How to complete this task: Your copy should hold exactly the lines from the beginning of the listing below through the line with "Libero Nguyễn Khánh", without any pictures.

Provided material:
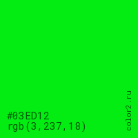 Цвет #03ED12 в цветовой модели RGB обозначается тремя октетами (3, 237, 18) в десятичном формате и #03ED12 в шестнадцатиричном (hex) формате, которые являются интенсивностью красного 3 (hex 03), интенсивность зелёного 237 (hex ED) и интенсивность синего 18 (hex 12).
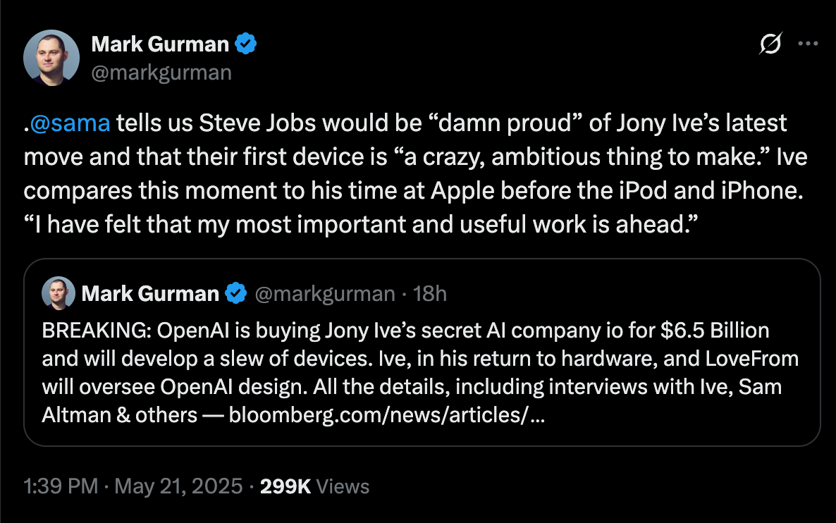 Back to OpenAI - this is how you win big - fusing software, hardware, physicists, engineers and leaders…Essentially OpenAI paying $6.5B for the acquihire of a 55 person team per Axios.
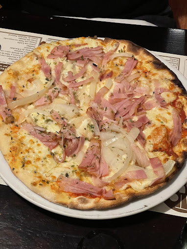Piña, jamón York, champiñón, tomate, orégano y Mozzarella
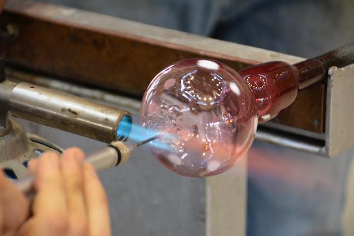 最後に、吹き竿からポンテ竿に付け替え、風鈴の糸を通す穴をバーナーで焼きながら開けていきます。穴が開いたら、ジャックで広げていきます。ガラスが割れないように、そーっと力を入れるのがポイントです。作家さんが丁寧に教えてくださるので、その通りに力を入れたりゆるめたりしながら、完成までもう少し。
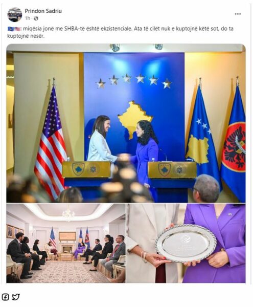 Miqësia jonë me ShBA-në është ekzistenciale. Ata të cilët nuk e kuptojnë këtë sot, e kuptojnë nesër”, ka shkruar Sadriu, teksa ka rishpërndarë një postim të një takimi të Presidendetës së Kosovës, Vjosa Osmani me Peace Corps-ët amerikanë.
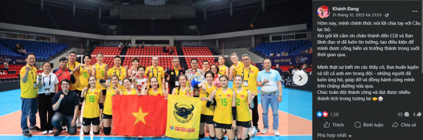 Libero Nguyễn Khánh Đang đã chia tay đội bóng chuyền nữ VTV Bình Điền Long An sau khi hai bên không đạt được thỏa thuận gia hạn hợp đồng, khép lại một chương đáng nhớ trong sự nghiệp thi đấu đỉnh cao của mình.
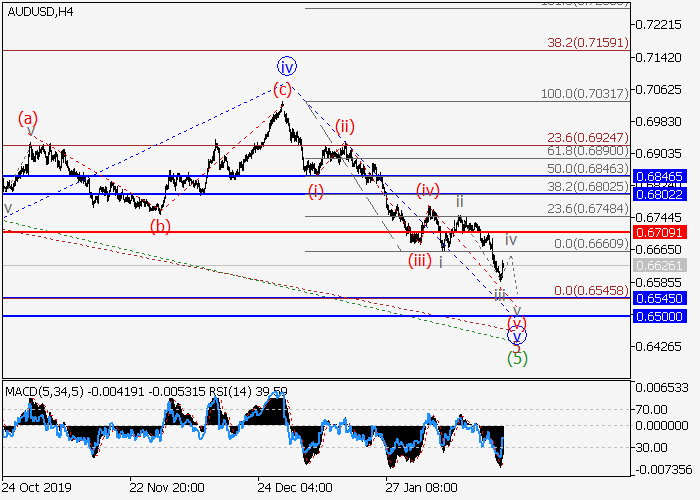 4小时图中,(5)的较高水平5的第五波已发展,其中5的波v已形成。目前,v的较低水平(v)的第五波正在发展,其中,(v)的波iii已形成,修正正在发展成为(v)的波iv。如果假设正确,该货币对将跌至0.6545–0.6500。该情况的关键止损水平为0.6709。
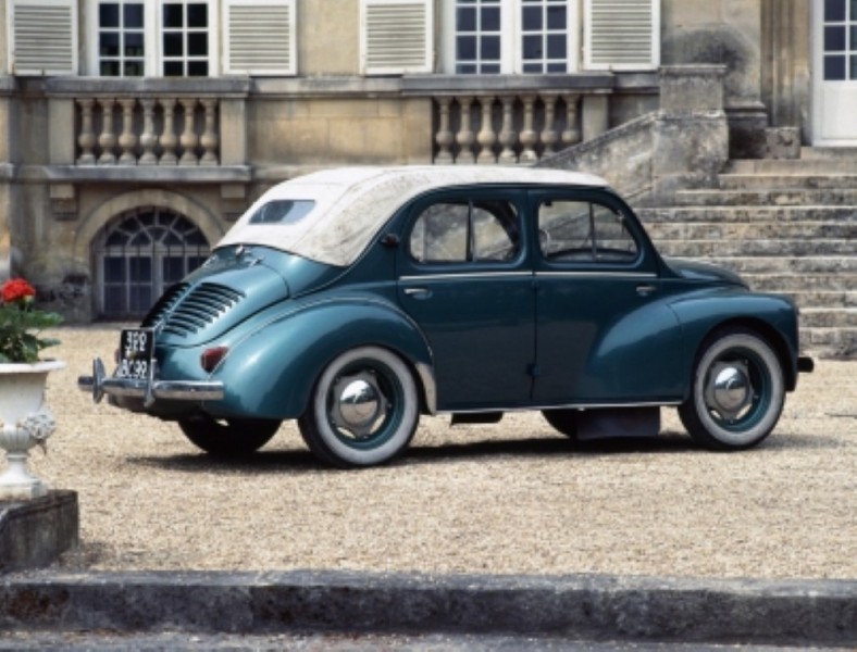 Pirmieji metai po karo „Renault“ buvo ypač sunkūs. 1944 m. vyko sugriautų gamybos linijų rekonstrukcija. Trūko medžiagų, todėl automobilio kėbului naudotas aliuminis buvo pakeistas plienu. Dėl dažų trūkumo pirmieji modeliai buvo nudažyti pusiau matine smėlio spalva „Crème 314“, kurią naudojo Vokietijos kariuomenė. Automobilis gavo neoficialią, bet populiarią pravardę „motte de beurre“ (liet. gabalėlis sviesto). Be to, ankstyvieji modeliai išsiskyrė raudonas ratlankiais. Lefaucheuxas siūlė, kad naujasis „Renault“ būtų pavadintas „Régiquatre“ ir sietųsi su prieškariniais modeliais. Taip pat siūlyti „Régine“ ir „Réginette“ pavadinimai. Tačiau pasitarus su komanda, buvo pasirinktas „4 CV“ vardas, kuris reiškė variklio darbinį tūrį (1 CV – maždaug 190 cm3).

Response area:
 Цвет #03ED12 в цветовой модели RGB обозначается тремя октетами (3, 237, 18) в десятичном формате и #03ED12 в шестнадцатиричном (hex) формате, которые являются интенсивностью красного 3 (hex 03), интенсивность зелёного 237 (hex ED) и интенсивность синего 18 (hex 12).
 Back to OpenAI - this is how you win big - fusing software, hardware, physicists, engineers and leaders…Essentially OpenAI paying $6.5B for the acquihire of a 55 person team per Axios.
Piña, jamón York, champiñón, tomate, orégano y Mozzarella
 最後に、吹き竿からポンテ竿に付け替え、風鈴の糸を通す穴をバーナーで焼きながら開けていきます。穴が開いたら、ジャックで広げていきます。ガラスが割れないように、そーっと力を入れるのがポイントです。作家さんが丁寧に教えてくださるので、その通りに力を入れたりゆるめたりしながら、完成までもう少し。
 Miqësia jonë me ShBA-në është ekzistenciale. Ata të cilët nuk e kuptojnë këtë sot, e kuptojnë nesër”, ka shkruar Sadriu, teksa ka rishpërndarë një postim të një takimi të Presidendetës së Kosovës, Vjosa Osmani me Peace Corps-ët amerikanë.
 Libero Nguyễn Khánh Đang đã chia tay đội bóng chuyền nữ VTV Bình Điền Long An sau khi hai bên không đạt được thỏa thuận gia hạn hợp đồng, khép lại một chương đáng nhớ trong sự nghiệp thi đấu đỉnh cao của mình.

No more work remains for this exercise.